#### [Provided records]
-.-.-

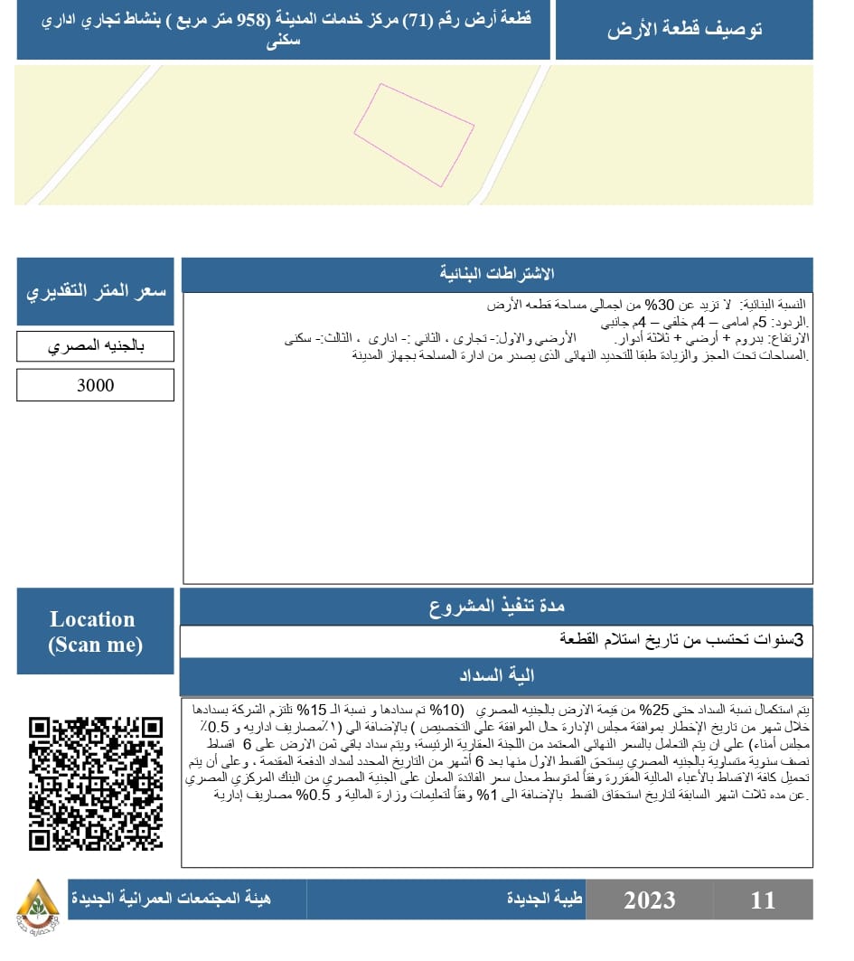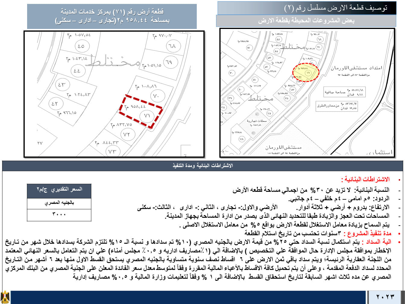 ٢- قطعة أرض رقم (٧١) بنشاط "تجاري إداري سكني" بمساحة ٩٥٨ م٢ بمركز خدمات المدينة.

-.-.-

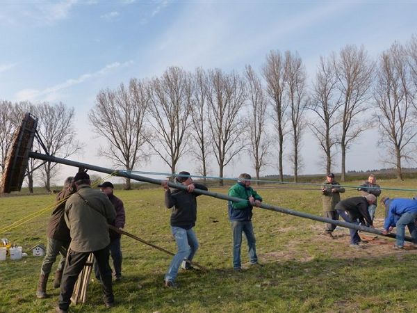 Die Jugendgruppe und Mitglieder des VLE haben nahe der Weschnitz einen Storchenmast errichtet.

-.-.-

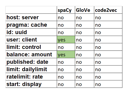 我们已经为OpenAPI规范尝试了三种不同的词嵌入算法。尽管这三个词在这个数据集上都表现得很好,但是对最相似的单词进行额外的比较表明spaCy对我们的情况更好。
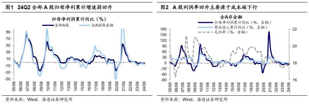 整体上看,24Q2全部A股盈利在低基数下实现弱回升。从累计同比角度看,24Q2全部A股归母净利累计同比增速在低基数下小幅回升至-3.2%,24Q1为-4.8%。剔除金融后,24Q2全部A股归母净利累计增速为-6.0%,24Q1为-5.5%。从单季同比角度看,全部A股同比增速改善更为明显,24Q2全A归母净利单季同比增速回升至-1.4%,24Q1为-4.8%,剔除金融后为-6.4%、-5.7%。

-.-.-

#### [What you will do]
Copy only what runs above from the line containing "我们已经为OpenAPI规范" through the line containing "整体上看,24Q2全部A股盈", exactly. Leave out the pictures.

#### [Exercise output]
 我们已经为OpenAPI规范尝试了三种不同的词嵌入算法。尽管这三个词在这个数据集上都表现得很好,但是对最相似的单词进行额外的比较表明spaCy对我们的情况更好。
 整体上看,24Q2全部A股盈利在低基数下实现弱回升。从累计同比角度看,24Q2全部A股归母净利累计同比增速在低基数下小幅回升至-3.2%,24Q1为-4.8%。剔除金融后,24Q2全部A股归母净利累计增速为-6.0%,24Q1为-5.5%。从单季同比角度看,全部A股同比增速改善更为明显,24Q2全A归母净利单季同比增速回升至-1.4%,24Q1为-4.8%,剔除金融后为-6.4%、-5.7%。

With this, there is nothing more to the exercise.